DATA SHOWN
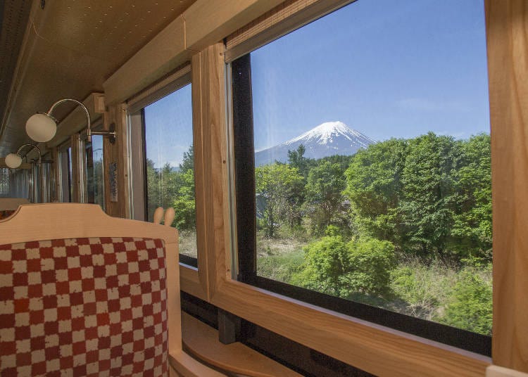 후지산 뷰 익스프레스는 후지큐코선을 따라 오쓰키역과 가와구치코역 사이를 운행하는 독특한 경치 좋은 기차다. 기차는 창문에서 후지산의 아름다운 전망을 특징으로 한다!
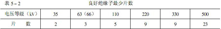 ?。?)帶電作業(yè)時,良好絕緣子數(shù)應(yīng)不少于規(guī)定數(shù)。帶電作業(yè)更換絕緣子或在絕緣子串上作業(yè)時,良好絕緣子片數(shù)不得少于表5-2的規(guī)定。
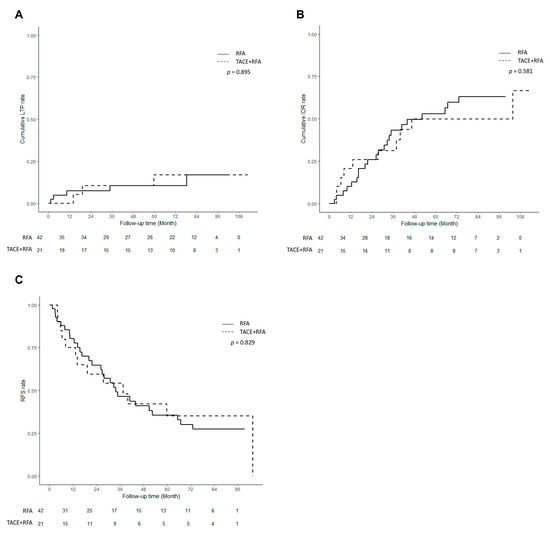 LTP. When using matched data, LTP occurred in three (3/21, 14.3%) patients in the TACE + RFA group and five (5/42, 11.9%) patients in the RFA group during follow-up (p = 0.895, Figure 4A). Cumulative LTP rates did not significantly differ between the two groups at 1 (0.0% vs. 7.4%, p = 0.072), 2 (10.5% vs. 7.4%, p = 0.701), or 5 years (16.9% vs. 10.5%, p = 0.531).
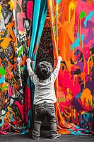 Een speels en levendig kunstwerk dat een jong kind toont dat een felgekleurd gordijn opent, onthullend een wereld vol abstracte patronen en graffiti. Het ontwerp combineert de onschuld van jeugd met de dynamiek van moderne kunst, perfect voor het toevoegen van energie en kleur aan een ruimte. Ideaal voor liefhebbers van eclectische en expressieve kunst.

EXERCISE BRIEF
What is needed is every line of the data above, set down exactly but with the images left out.

FINISHED EXERCISE
 후지산 뷰 익스프레스는 후지큐코선을 따라 오쓰키역과 가와구치코역 사이를 운행하는 독특한 경치 좋은 기차다. 기차는 창문에서 후지산의 아름다운 전망을 특징으로 한다!
 ?。?)帶電作業(yè)時,良好絕緣子數(shù)應(yīng)不少于規(guī)定數(shù)。帶電作業(yè)更換絕緣子或在絕緣子串上作業(yè)時,良好絕緣子片數(shù)不得少于表5-2的規(guī)定。
 LTP. When using matched data, LTP occurred in three (3/21, 14.3%) patients in the TACE + RFA group and five (5/42, 11.9%) patients in the RFA group during follow-up (p = 0.895, Figure 4A). Cumulative LTP rates did not significantly differ between the two groups at 1 (0.0% vs. 7.4%, p = 0.072), 2 (10.5% vs. 7.4%, p = 0.701), or 5 years (16.9% vs. 10.5%, p = 0.531).
 Een speels en levendig kunstwerk dat een jong kind toont dat een felgekleurd gordijn opent, onthullend een wereld vol abstracte patronen en graffiti. Het ontwerp combineert de onschuld van jeugd met de dynamiek van moderne kunst, perfect voor het toevoegen van energie en kleur aan een ruimte. Ideaal voor liefhebbers van eclectische en expressieve kunst.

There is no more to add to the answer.